__Problem statement__
Copy the records below line by line and word for word, from the very first line through the line with "Паучок-ученик натянул паутину", omitting each picture.
↓
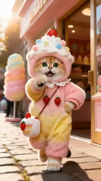 Rumor has it if you see this dancing kitty, your week will be as sweet as whipped cream! ๐ญ #CuteCats #StrawberryCat #DancingCat #Kawaii #AIGenerated
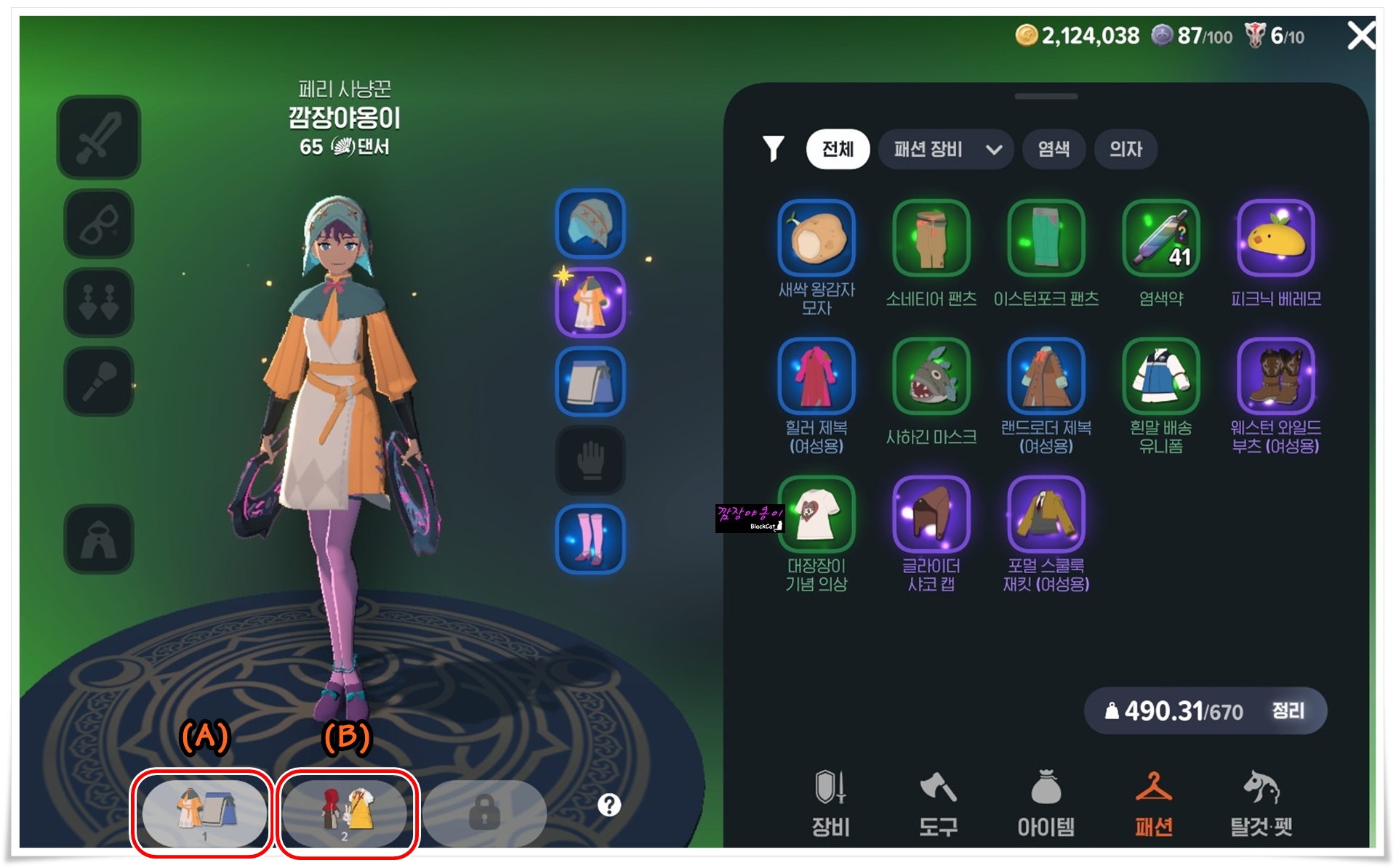 만약 (A)라는 곳에 최고 등급의 아이템으로 무장을 하셨다면 이제 (B)에 등급에 상관 없이 제일 예쁜 아이템을 이용해 캐릭터를 꾸며주세요.
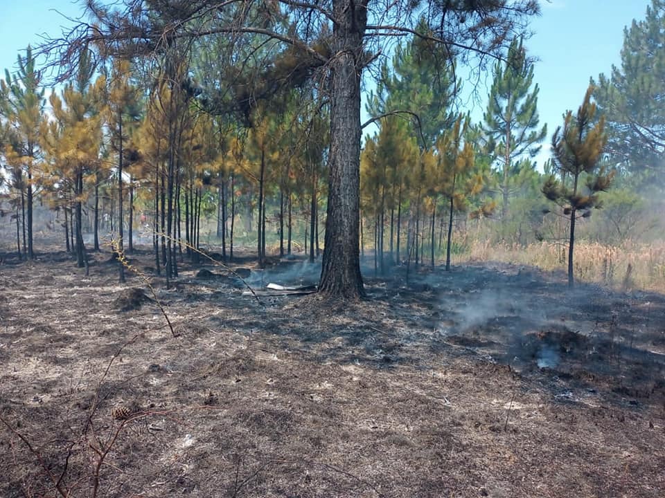 El siniestro se produjo alrededor de las 13:40 Hs., en el barrio Mendieta, en calle Capitán Rojas sin número, donde se quemaron unas 4 hectáreas de pastizales y cortina de pinos, con avance hacia dos aserraderos de la zona.
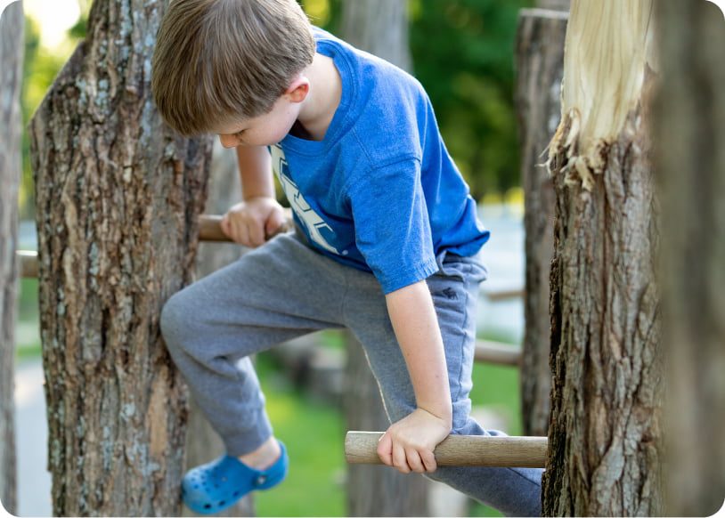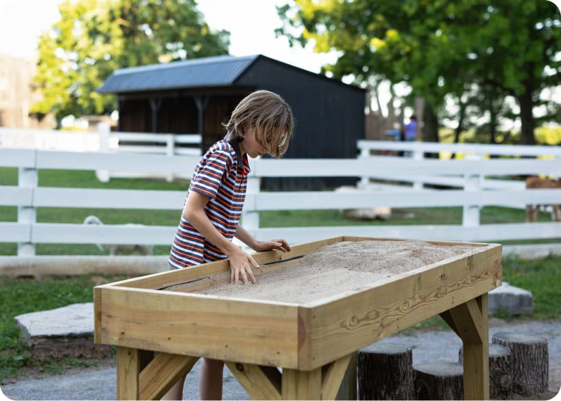 A child plays at a sand table, which provides a valuable sensory experience to children of all heights and abilities, with stepping stumps and wheelchair access.
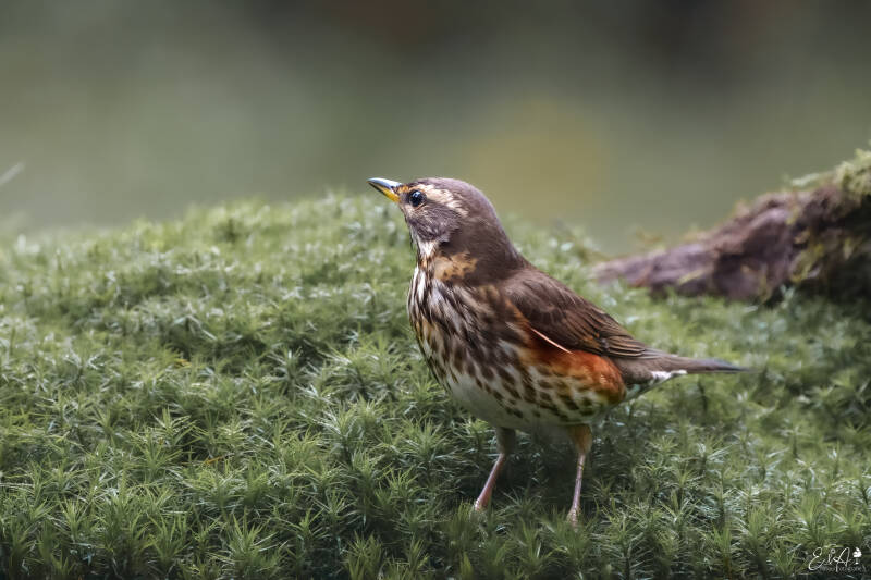 Bovendelen bruin en onderdelen wit met sterke donkere streping. De flanken en ondervleugeldekveren zijn koperrood gekleurd en vallen in de vlucht goed op. De kop is opvallend getekend met een roomwitte wenkbrauwstreep en een witte mondstreep.
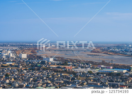 島田市の白岩寺公園前展望台から見た島田市の街並みと風景(静岡県)
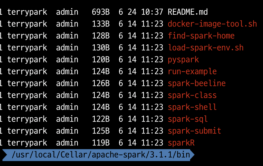 cd /usr/local/Cellar/apache-spark/3.1.1/bin에 가서
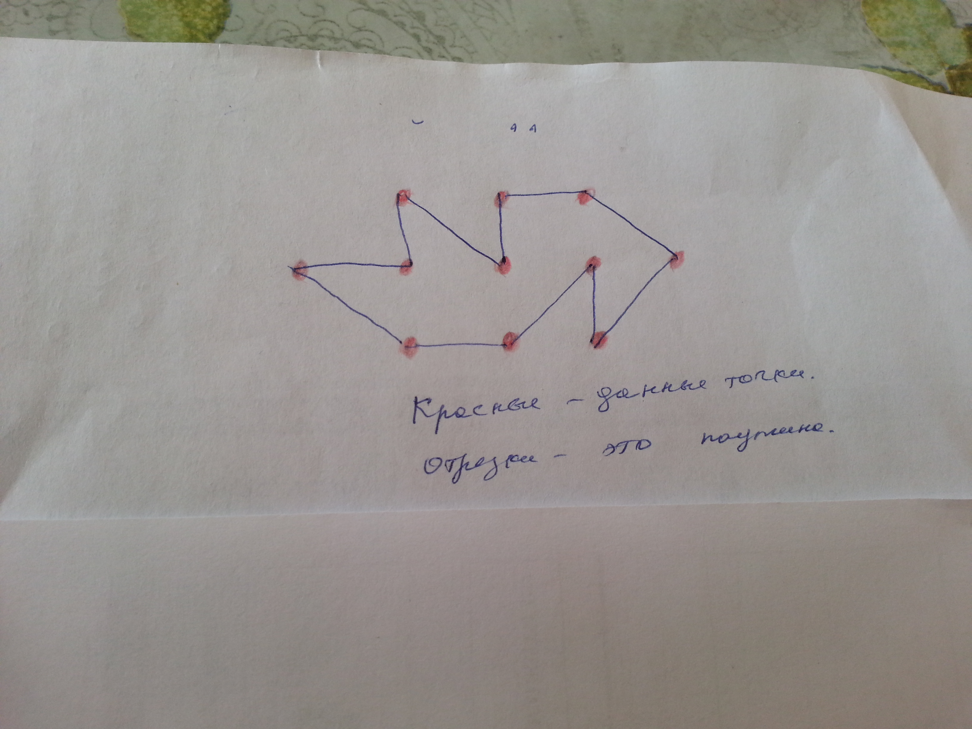 Паучок-ученик натянул паутину между 11 точками так,чтобы его паутинки нигде не пересикались,и в конце вернулся ьв исходную точку.Паук-учитель его похвалили,но натянивают <<правильную>> паутину, у которой никакие отрезки не лежат на одной прямой.Помогите пацчку соеденить все 11 точек на рисунке >>правильной<< паутиной
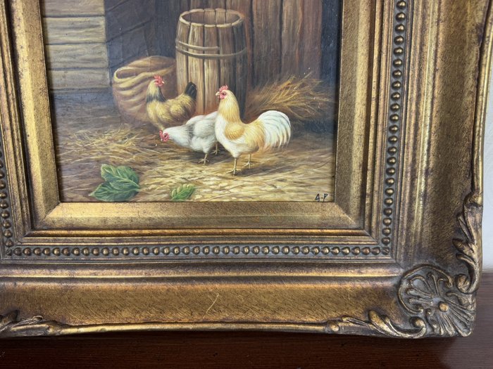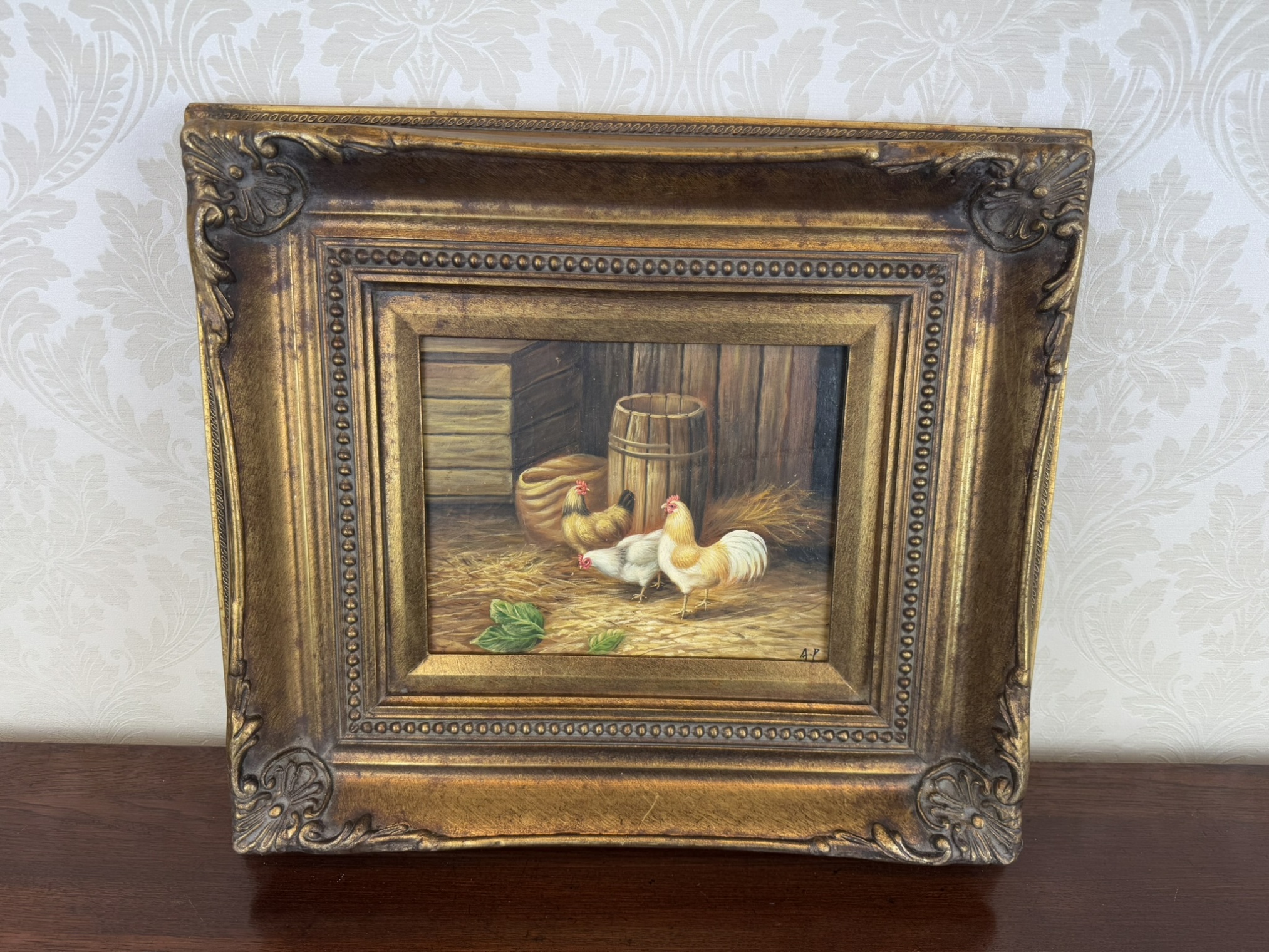 Obrázek je zasazený do bohatě zdobeného rámu z pryskyřice v antickém zlatém odstínu. Malba zobrazuje venkovskou scenérii s kohouty a slepicemi, laděnou do přírodních barev.
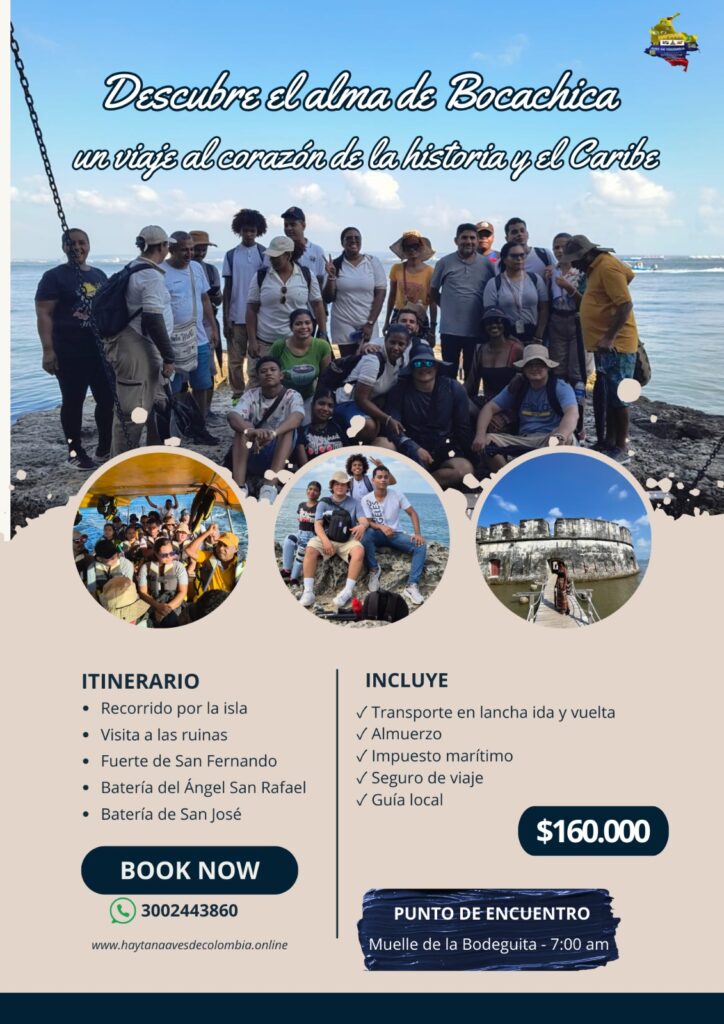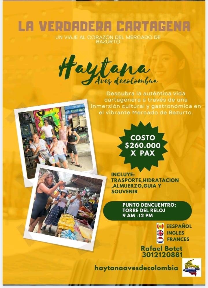 Ofrecemos guía profesional certificado (RNT 45669) y transporte para un máximo de 4 pasajeros en Cartagena y municipios cercanos como Turbaco, Arjona, María La Baja, San Juan Nepomuceno, San Jacinto, El Carmen de Bolívar, incluyendo visitas a comunidades resilientes como Mampuján, San Pedro Consolado y El Salado, así como Mompox. Disfruta de recorridos de naturaleza, observación de aves, cultura y etnoturismo.
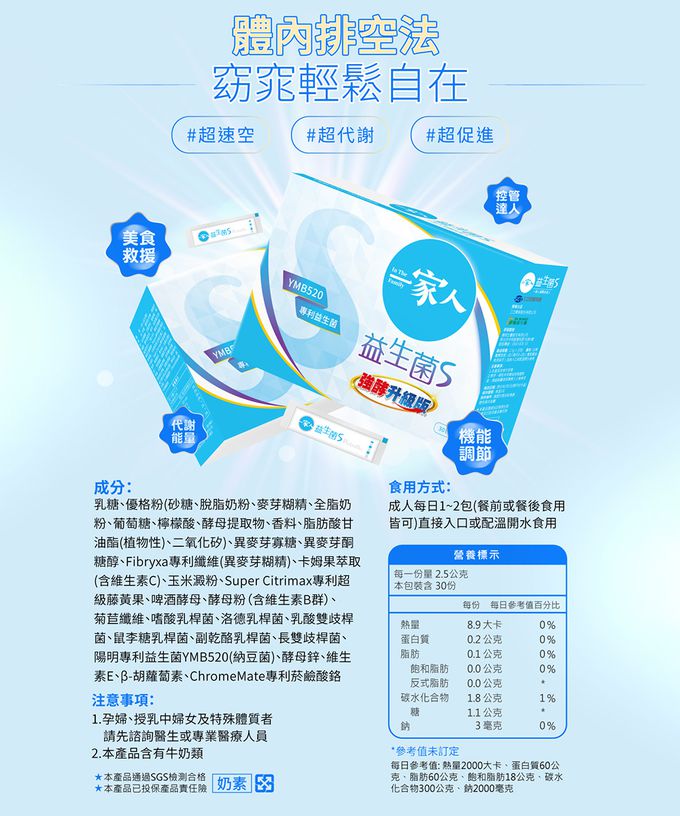 商品重(容)量:一家人益生菌S 30入x2盒 +10入x3盒, 共90包
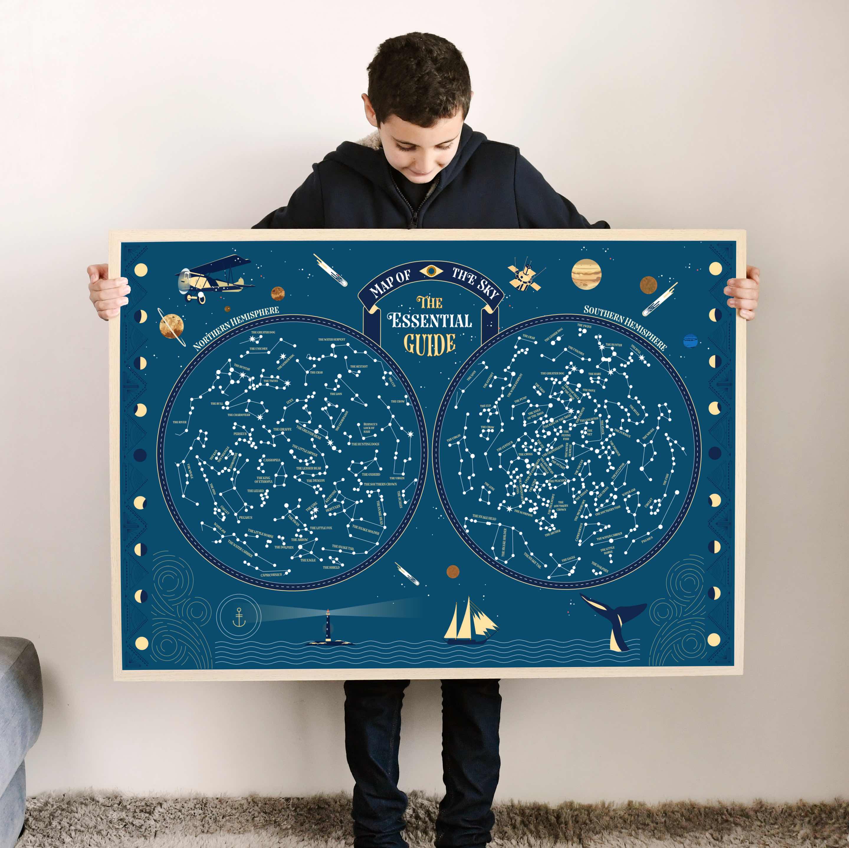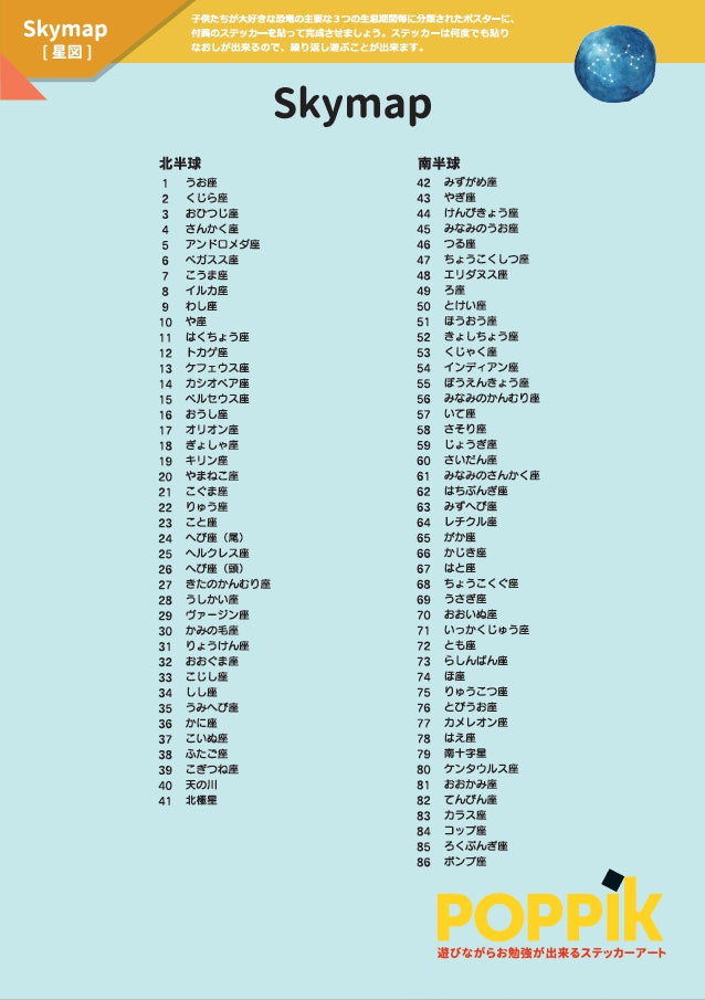 貼って剥がせる蓄光ステッカーを大きなポスターに貼っていけば、北半球と南半球から見える星と星座の世界が完成します。
↑
__Answer to the exercise__
 Rumor has it if you see this dancing kitty, your week will be as sweet as whipped cream! ๐ญ #CuteCats #StrawberryCat #DancingCat #Kawaii #AIGenerated
 만약 (A)라는 곳에 최고 등급의 아이템으로 무장을 하셨다면 이제 (B)에 등급에 상관 없이 제일 예쁜 아이템을 이용해 캐릭터를 꾸며주세요.
 El siniestro se produjo alrededor de las 13:40 Hs., en el barrio Mendieta, en calle Capitán Rojas sin número, donde se quemaron unas 4 hectáreas de pastizales y cortina de pinos, con avance hacia dos aserraderos de la zona.
 A child plays at a sand table, which provides a valuable sensory experience to children of all heights and abilities, with stepping stumps and wheelchair access.
 Bovendelen bruin en onderdelen wit met sterke donkere streping. De flanken en ondervleugeldekveren zijn koperrood gekleurd en vallen in de vlucht goed op. De kop is opvallend getekend met een roomwitte wenkbrauwstreep en een witte mondstreep.
 島田市の白岩寺公園前展望台から見た島田市の街並みと風景(静岡県)
 cd /usr/local/Cellar/apache-spark/3.1.1/bin에 가서
 Паучок-ученик натянул паутину между 11 точками так,чтобы его паутинки нигде не пересикались,и в конце вернулся ьв исходную точку.Паук-учитель его похвалили,но натянивают <<правильную>> паутину, у которой никакие отрезки не лежат на одной прямой.Помогите пацчку соеденить все 11 точек на рисунке >>правильной<< паутиной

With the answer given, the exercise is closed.